One thing that has become a major source of concern to many men is their wife's inability to respond to them sexually like she used to. It is a common thing that many women lose their ability to respond to their husbands sexually after years of marriage, and for many of these women, sex becomes a thing they engage in more as a duty than for personal enjoyment; orgasmic satisfaction becomes a mirage. This situation has caused many women to lose their husbands in addition to losing their sexual satisfaction. For many, they have no clue as to the cause of this problem, not to talk of the way out of it. A good knowledge of the cause of this problem and the way out will help to restore sexual fulfillment to many couples.
A woman's vagina is surrounded by rings of muscle which is known as pubococcygeus which can be squeezed shut at will. A normal vagina looks like a squeezed tube, wide at the entrance, narrowed for a space of about two inches and then widened again. The narrowing is brought about by the squeezing action of a strong pubococcygeus (the muscle surrounding the vagina).
This muscle may get slack and wide due to sport, childbirth and/or age. In some cultures of the world, it has been noted that sexual performance is often poorer after childbirth because of the stretching or injuring of the birth canal. When this muscle becomes slack and weak, it sags much like a hammock, causing the vagina to sag. This looseness of the vagina makes it impossible for it to exert the pressure needed for sexual satisfaction on the male organ and this is because, in a slack and wide vagina, the male organ makes poor and infrequent contact with the walls of the vagina passage which is not enough to stimulate the nerves in the surrounding musculature adequately. Women in this situation feel little physical stimulation once intercourse begins though they are psychologically normal.
Statistics have it that at least two out of three women suffer this problem in life. A specialist in female disorders known as Dr. Arnold H. Kegel, in 1940, recommended an exercise for a patient of his who had a urinary problem known as "urinary stress incontinence," a situation which is usually caused by weakened muscles resulting to uncontrolled urinary leakage when the woman laughs or coughs. This exercise was discovered to not only have brought a relief to the woman's problem but caused her to experience orgasm for the first time in 15 years of marriage. This discovery was later confirmed by many other women who were instructed to carry out this same exercise and came out with the same result. This exercise is now known as Kegel Exercise.

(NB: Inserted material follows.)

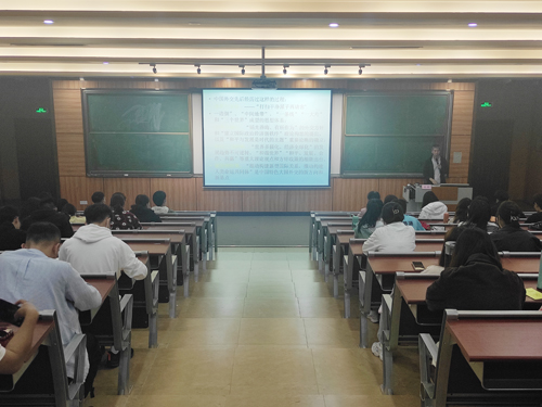 本网讯 11月17日下午,best365官网明德大讲堂第五十期讲座在致知楼113课室举行,艺术学院张斌教授担任主讲人,讲课主题为《中国外交的中华传统文化元素》,建筑工程学院学生代表约100人参加了本次讲座。
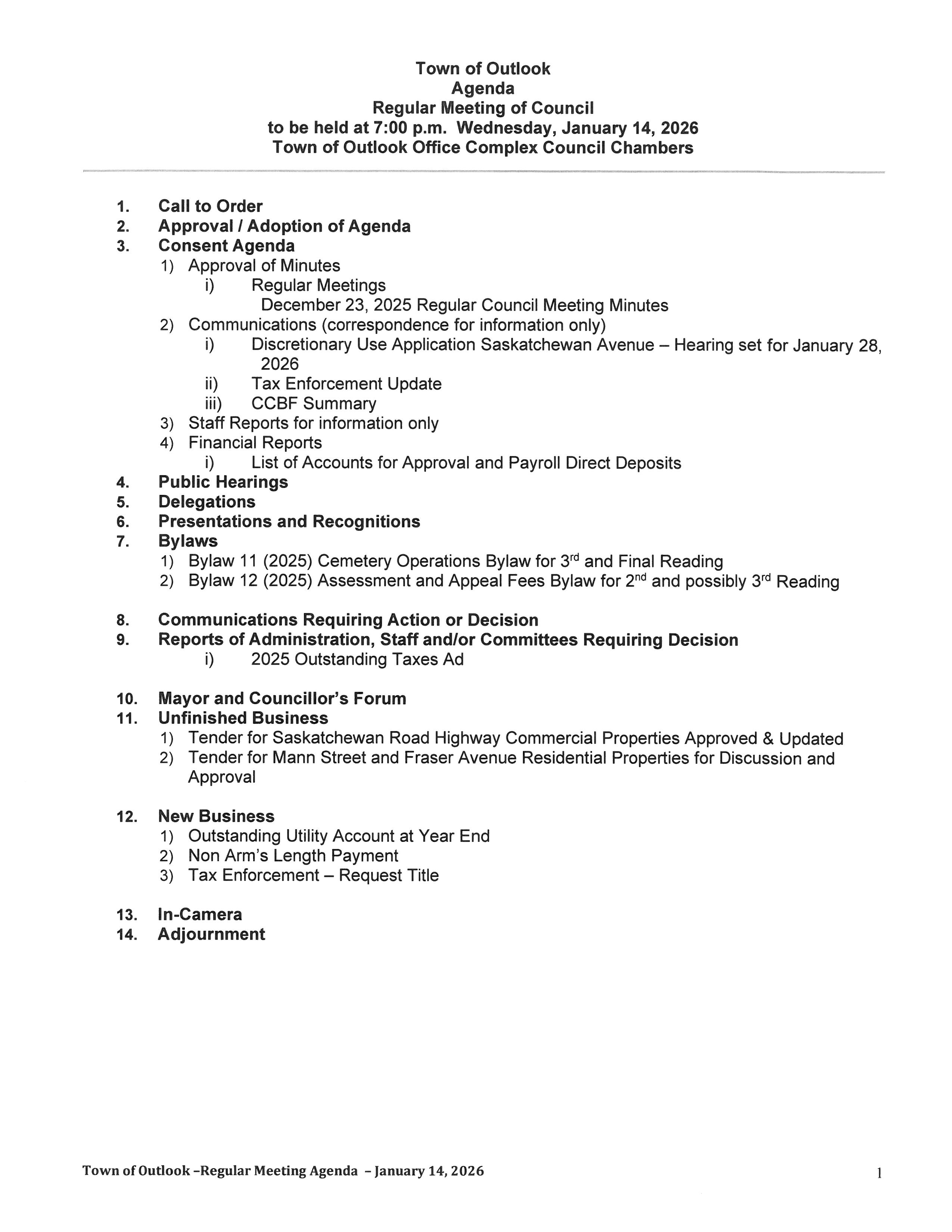 January 14, 2026 Regular Council Meeting Agenda

In agreement with Dr. Kegel, Dr. Donald Hastings of University of Minnesota was once quoted to have said, "The exercise and contraction of the voluntary muscles which form the pelvic floor and surround parts of the vagina are important for…enhancement of sexual pleasure." This exercise, the Kegel exercise, which helps to strengthen the pubococcygeus, is also discovered to help in improving a woman's body for childbirth, urinary control, reduction of backaches and increase sexual enjoyment for both the husband and wife. In 1948, Dr. Kegel's work won the annual award of the Los Angeles Obstetrical Society.
The Kegel exercise helps to contract the muscle surrounding the vagina thereby causing the vagina to shrink back to it normal size and shape. The good news is that it has been said that nearly all women could be taught to contract the muscle. This exercise is safe, simple and not fatiguing.
Dr. Kegel established that if a woman can interrupt her urination, then she has been able to contract the pubococcygeus muscle, meaning that she can carry out the kegel exercise. This is because it is this same muscle that controls the voiding of urine. To teach women this exercise, Dr. Kegel usually starts by asking them to open their legs wide while urinating, and once the legs are wide opened, and the flow of urine has begun, an effort is to be made to stop it. The voiding of urine is interrupted for about two seconds, after which they continue, then stop again and hold it for another two seconds, and on and on until the bladder is empty. With this, the muscle is contracted when the urination is stopped and released to allow for the flow. Each contraction exercises the muscle surrounding the vagina. After a few trials, most women can recognize the sensation and repeat the contractions at anytime, anywhere. Dr. Hungerford, a childbirth educator says, "Once the contraction is learned, it takes little more effort than to close an eye. In fact, it can be done as rapidly as you open and shut an eye, though when exercising, the contraction should be held for about two seconds. With good control, urine can be released a teaspoon at a time." Once this control of this muscle is learned, women are instructed to begin exercise with five to 10 contractions before arising in the morning. The contraction is easier at this time but at first, the exercise should be tried whenever urine is voided.
How much of exercise is required?
Women are usually advised to begin with 10 contractions in a row, made at six intervals during the day. This makes 60 contractions in all. Each contraction need not take more than a second. Gradually, the number of sessions and number of contractions made can be increased. For instance, 20 contractions in a session would bring the six session total to 120 a day. Dr. Kegel suggests that each voiding of urine be an opportunity for exercise. If this is done three times a day, adding exercise before arising, when retiring and at one other time, the initial program is completed.